King Sancho Fantastic said:


> Fuck team tank tonight!! It's the Celtics!! Win this fucking ballgame!!



Beat them one last time in Boston, Kobe.


----------



## Basel (Mar 31, 2005)

Boston fans cheered him during intros and are booing him every time he touches the ball now. I love it.


----------



## Basel (Mar 31, 2005)

Good ball movement early.


----------



## Basel (Mar 31, 2005)

Two fouls on Kobe but he stays in the game. Has started 0/5.


----------



## Basel (Mar 31, 2005)

27-24 Boston after one.


----------



## Basel (Mar 31, 2005)

D'Angelo with 8 straight points.


----------



## Basel (Mar 31, 2005)

Kobe can't score. Still 0 points. Man, really wanted him to light it up tonight.


----------



## King Sancho Fantastic (Jul 19, 2005)

Young fellas doing work so far. Good 1st half.


----------



## Basel (Mar 31, 2005)

Really like the way Nance has been playing lately. His mid range game has been very effective.


----------



## Basel (Mar 31, 2005)

Clarkson ballin'. Lakers up 9.


----------



## Basel (Mar 31, 2005)

Marcus Smart just had a sick putback dunk over Randle. 

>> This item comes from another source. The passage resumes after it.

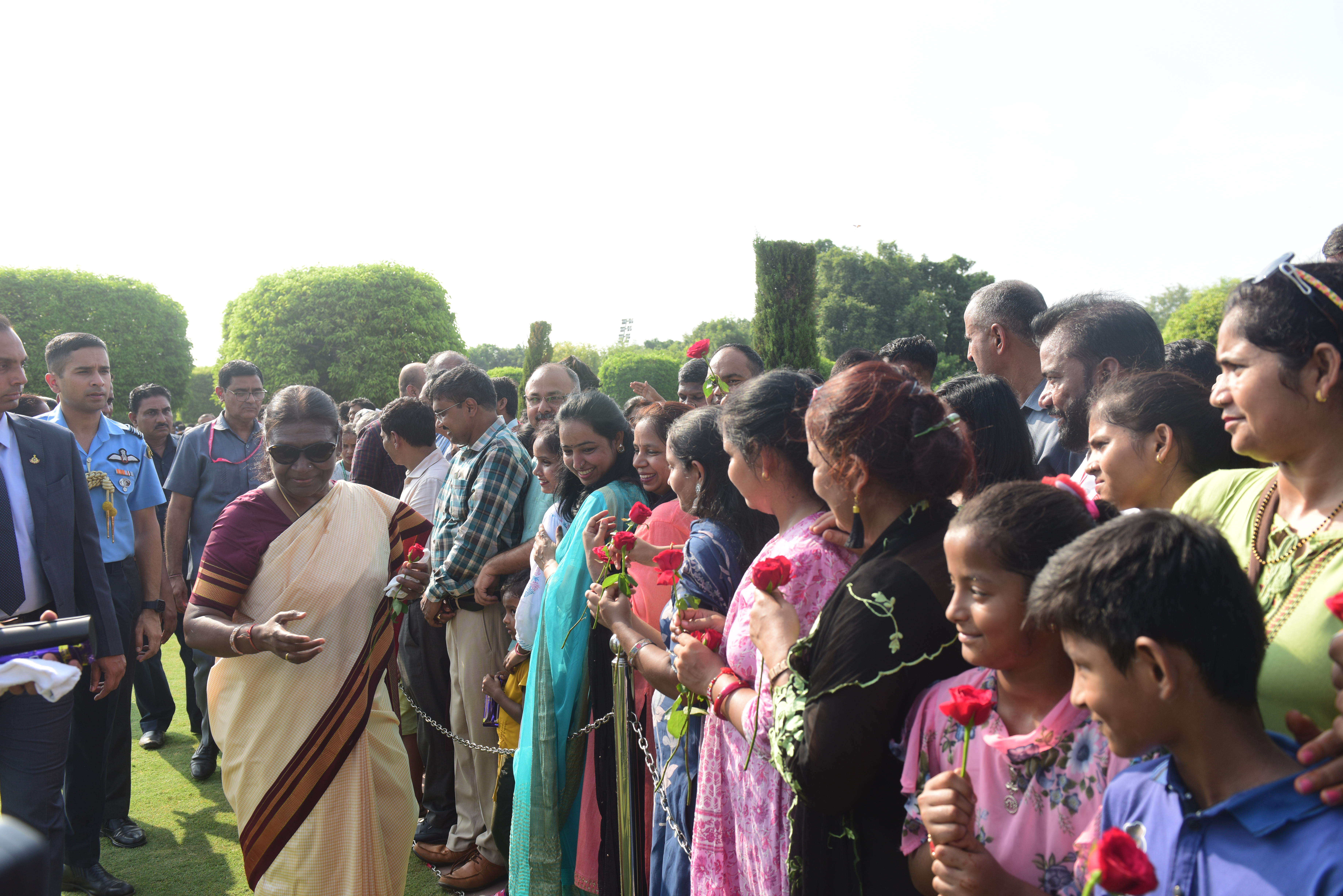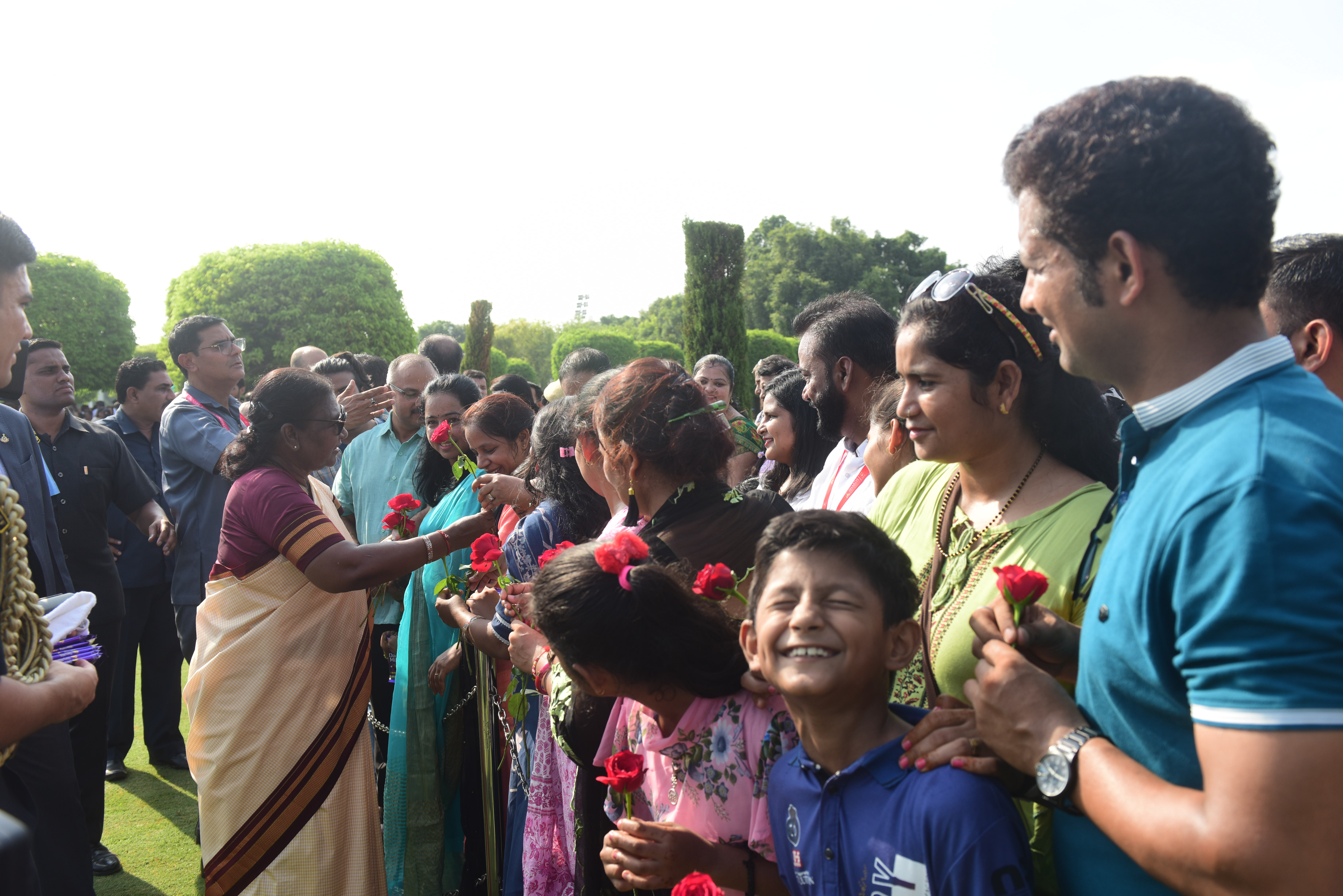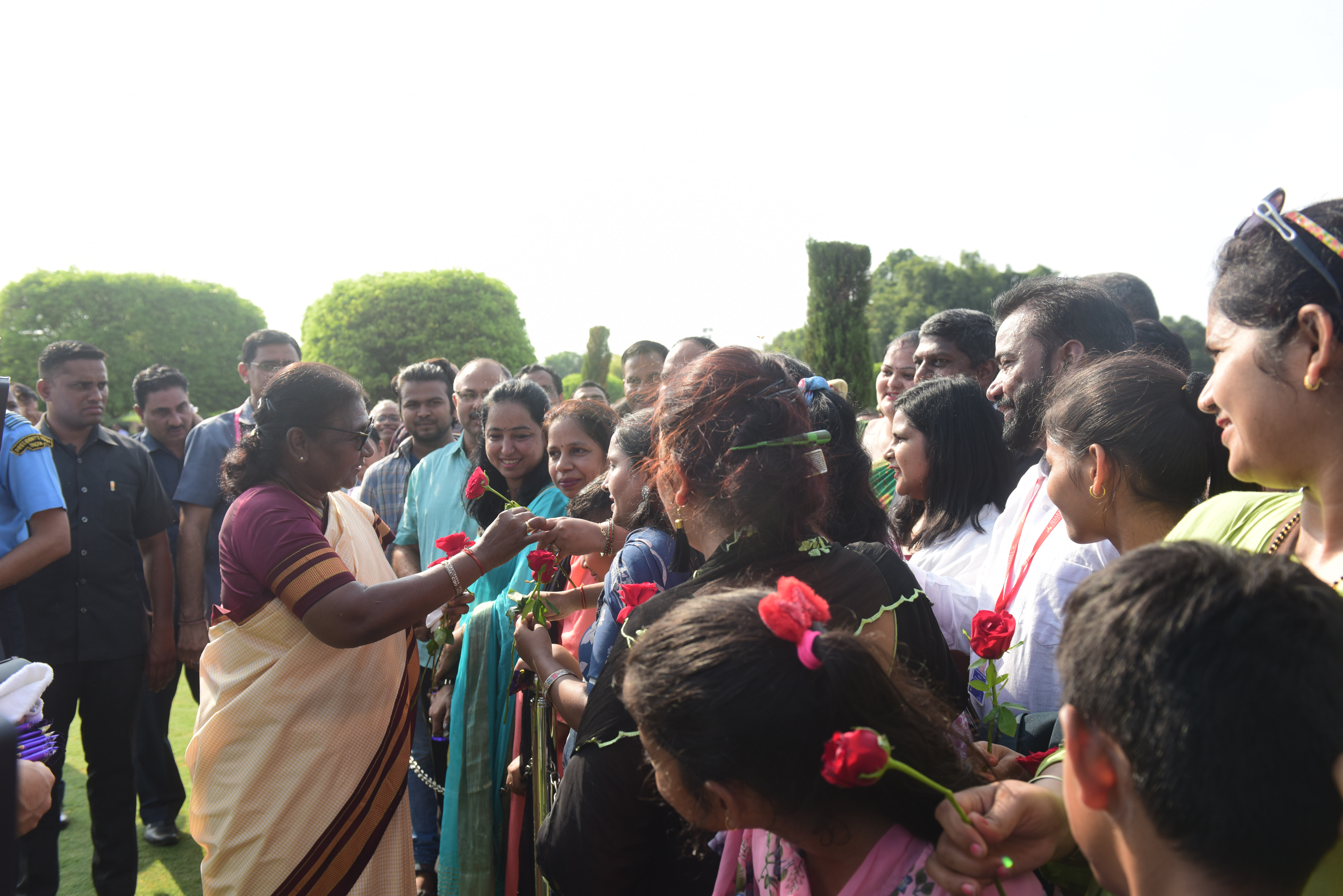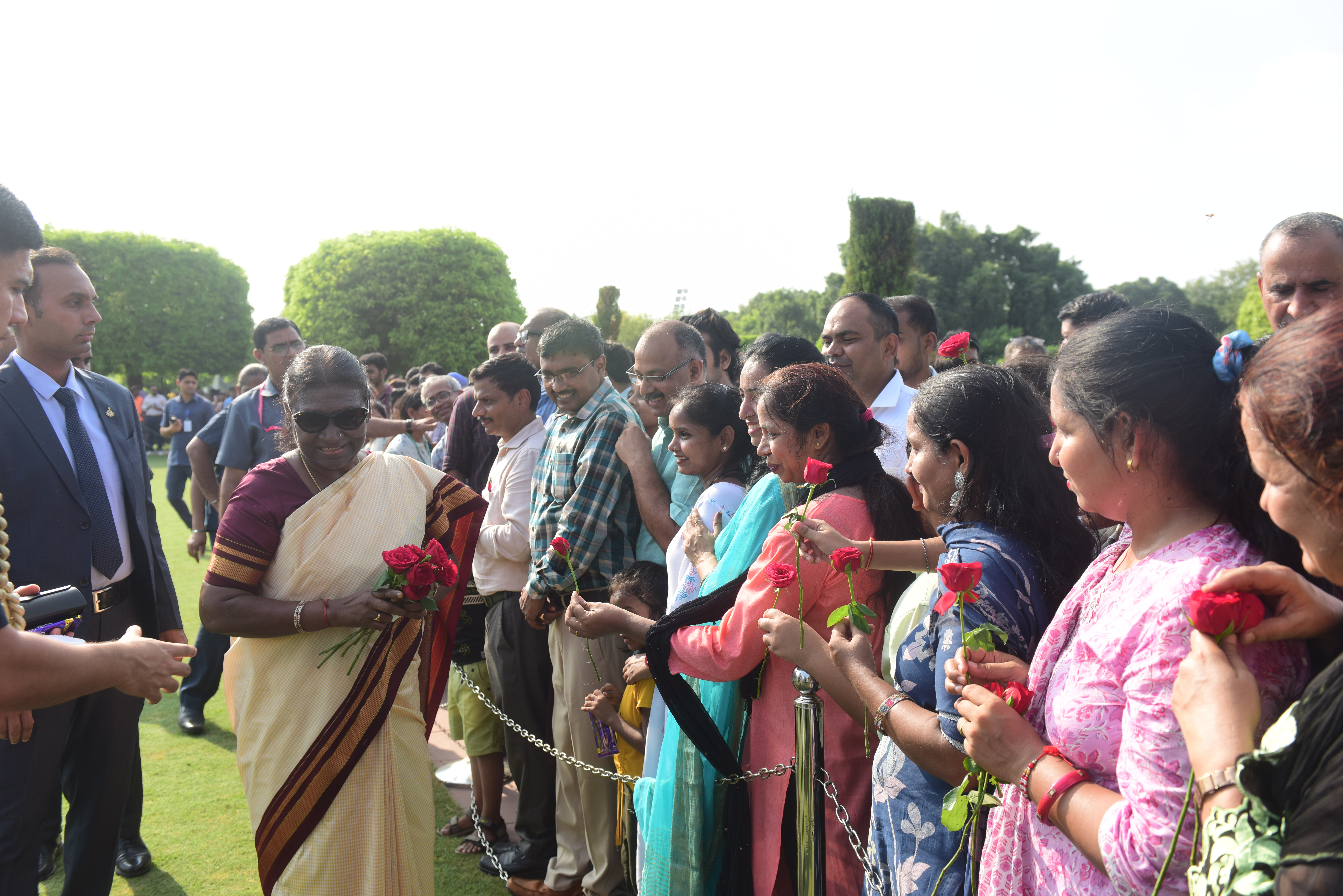 | Caption: | The President of India, Smt. Droupadi Murmu Interaction with the teachers invited to visit the Amrit Udyan as special invitees at Rashtrapati Bhavan on September 5, 2023. |

Then Russell comes down and a hits a three to end the quarter. Fun sequence there. 

Lakers lead 89-78.


----------



## MojoPin (Oct 10, 2008)

Smart kinda turned out to be a turd. Thought he would at least be an inefficient high volume scorer in the NBA.


----------



## Basel (Mar 31, 2005)

Randle with a double-double.


----------



## Basel (Mar 31, 2005)

Ugh, lead down to 6.


----------



## MojoPin (Oct 10, 2008)

This would be a good learning experience for the rooks. See if they can fight and hold on to it.


----------



## Basel (Mar 31, 2005)

7-2 run for the Lakers out of the timeout. 5 by Kobe. 

Evan Turner has been hurting us.


----------



## Basel (Mar 31, 2005)

Thank you, JC.


----------



## JT (Mar 1, 2004)

lol nice one by Clarkson. he's feeling the intensity for sure.


----------



## Basel (Mar 31, 2005)

Clarkson giveth. Clarkson taketh away.


----------



## Basel (Mar 31, 2005)

KOBE!


----------



## JT (Mar 1, 2004)

they call him the MAMBA


----------



## JT (Mar 1, 2004)

man what a competitive game. the Celtics have the best back-court defense in the NBA.


----------



## Basel (Mar 31, 2005)

Kobe chants ringing throughout the arena. Gotta love it.


----------



## Basel (Mar 31, 2005)

Kobe's shoulder bothering him.


----------



## Basel (Mar 31, 2005)

Lakers win! Fuck Boston!


----------



## Basel (Mar 31, 2005)

Going to miss watching Kobe play on the parquet floor.


----------



## King Sancho Fantastic (Jul 19, 2005)

HAHA!! LAKERS WIN!!!! FUCK BOSTON!!!


----------



## King Sancho Fantastic (Jul 19, 2005)

James Worthy postgame 

"HAHA!! YEAHH!!! GET THAT CELTIC ASS!!" 

:laugh:


----------



## Basel (Mar 31, 2005)

Worthy is a riot on the post game shows.


----------



## Uncle Drew (Dec 16, 2013)

Kobe getting all nostalgic about Boston and their fans. Good for him.

I still say fuck Boston. I hope they lose every game. Good win tonight.


----------



## DaRizzle (May 22, 2007)

Today was a good day!


----------



## DaRizzle (May 22, 2007)

hahaha

http://www.sbnation.com/lookit/2015...t-to-roy-hibbert-come-on-m-f-i-believe-in-you


----------